Revision as of 09:10, 29 November 2012 by Andra (Talk | contribs)
Jump to: navigation, search

On sparql.wikipathways.org wikipathways content is replicated. Currently this SPARQL endpoint is being developed, with very irregular updates.

Contents

Resources

WikiPathways internal vocabularies

http://vocabularies.wikipathways.org

WikiPathways data as RDF

http://rdf.wikipathways.org

WikiPathways SPARQL endpoint

http://sparql.wikipathways.org

Other sparql endpoints

Prefixes

Below are example queries. For readability we have omitted the prefixes. We use the following prefixes: (Not complete yet)
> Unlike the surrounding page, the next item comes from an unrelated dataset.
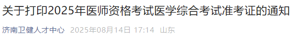 - · 山東濟南2025年醫(yī)師資格綜合筆試準考證8月15日起打?。?/a>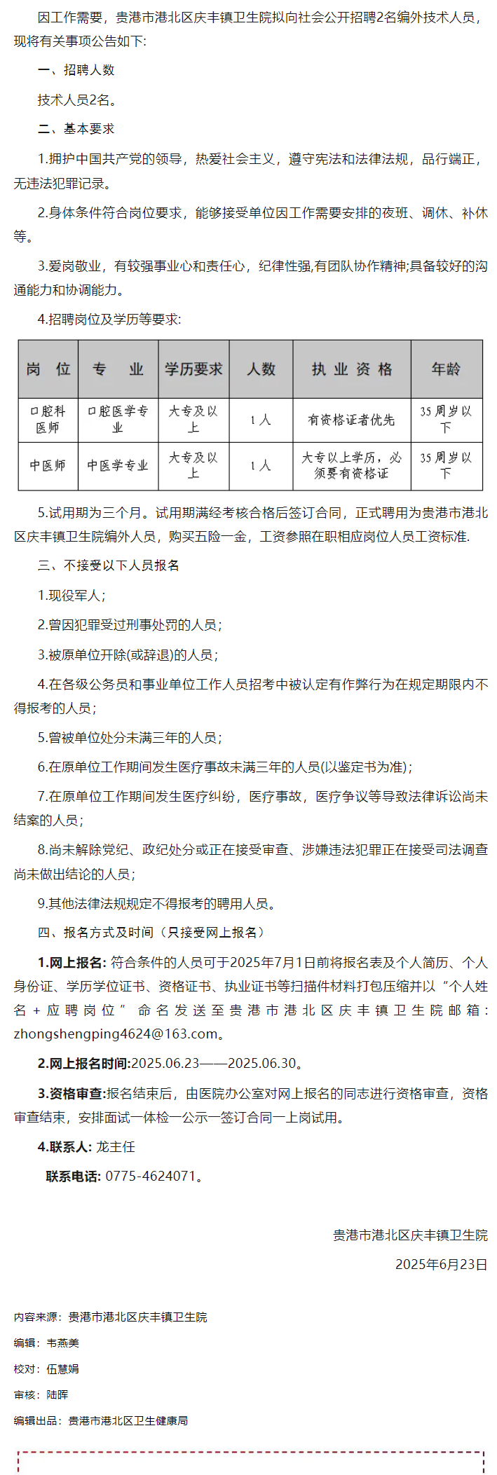 2025年貴港市港北區(qū)慶豐鎮(zhèn)衛(wèi)生院招聘編外技術人員2人

PREFIX rdf: <http://www.w3.org/1999/02/22-rdf-syntax-ns#>
PREFIX rdfs: <http://www.w3.org/2000/01/rdf-schema#>
PREFIX dc: <http://purl.org/dc/elements/1.1/>
PREFIX foaf: <http://xmlns.com/foaf/0.1/>
PREFIX schema: <http://schema.org/>
PREFIX wprdf:   <http://rdf.wikipathways.org/>
PREFIX wp:     <http://vocabularies.wikipathways.org/wp#>
PREFIX dcterms:   <http://purl.org/dc/terms/>
PREFIX biopax:    <http://www.biopax.org/release/biopax-level3.owl#>
PREFIX  xsd:     <http://www.w3.org/2001/XMLSchema#>
PREFIX gpml: <http://vocabularies.wikipathways.org/gpml#>
PREFIX skos: <http://www.w3.org/2004/02/skos/core#>

Example queries

Queries with a * requires a bit more time for results.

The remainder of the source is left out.